Available data -

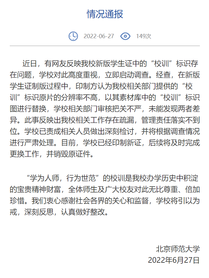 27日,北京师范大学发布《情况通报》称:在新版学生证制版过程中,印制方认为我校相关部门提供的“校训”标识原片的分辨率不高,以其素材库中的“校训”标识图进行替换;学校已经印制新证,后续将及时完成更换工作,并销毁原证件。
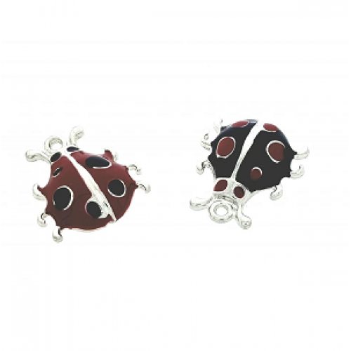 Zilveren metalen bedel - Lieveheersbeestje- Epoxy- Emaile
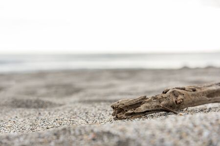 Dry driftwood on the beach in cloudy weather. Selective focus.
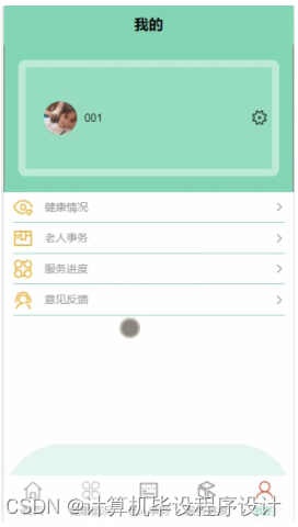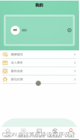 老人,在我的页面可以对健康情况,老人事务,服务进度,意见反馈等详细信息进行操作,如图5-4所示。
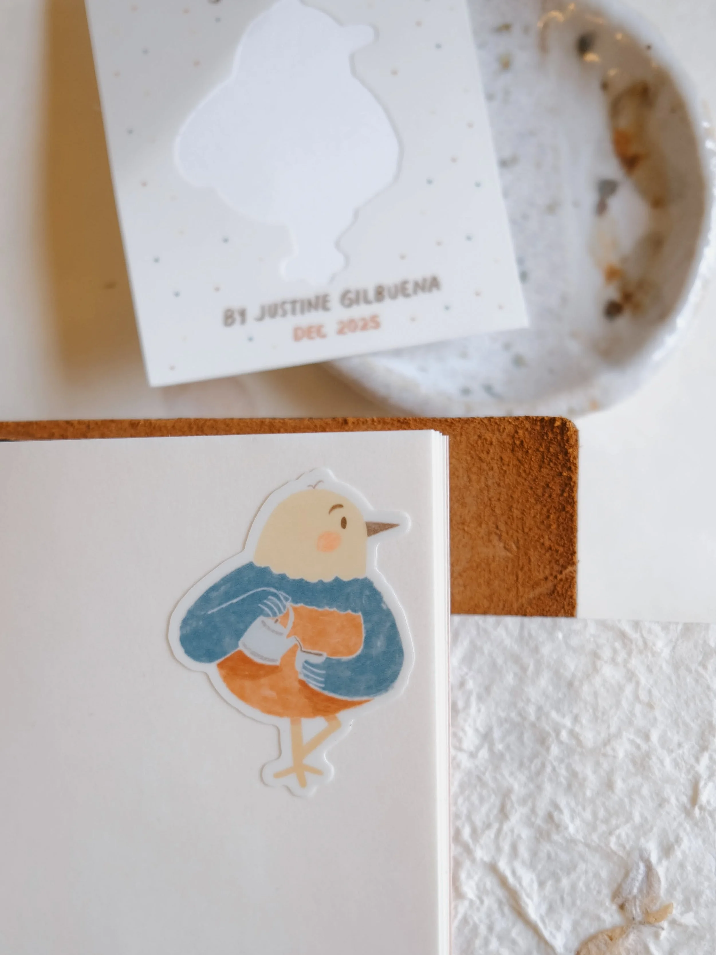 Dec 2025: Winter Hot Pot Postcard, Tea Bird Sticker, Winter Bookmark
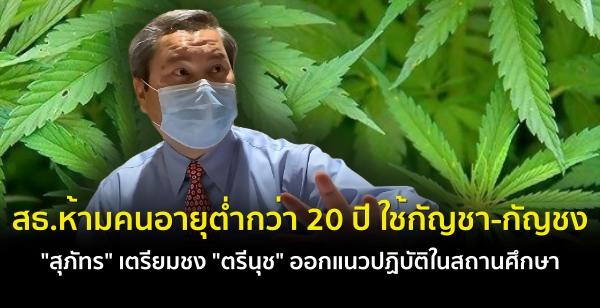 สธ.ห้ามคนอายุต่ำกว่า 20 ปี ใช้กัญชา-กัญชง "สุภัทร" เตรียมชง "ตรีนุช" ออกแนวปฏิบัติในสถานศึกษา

Exercise objective - Only one stretch of the material above is wanted: the line containing "Zilveren metalen bedel" through the line containing "Dec 2025: Winter". Restate it word for word, minus the pictures.

Problem solution -
 Zilveren metalen bedel - Lieveheersbeestje- Epoxy- Emaile
 Dry driftwood on the beach in cloudy weather. Selective focus.
 老人,在我的页面可以对健康情况,老人事务,服务进度,意见反馈等详细信息进行操作,如图5-4所示。
 Dec 2025: Winter Hot Pot Postcard, Tea Bird Sticker, Winter Bookmark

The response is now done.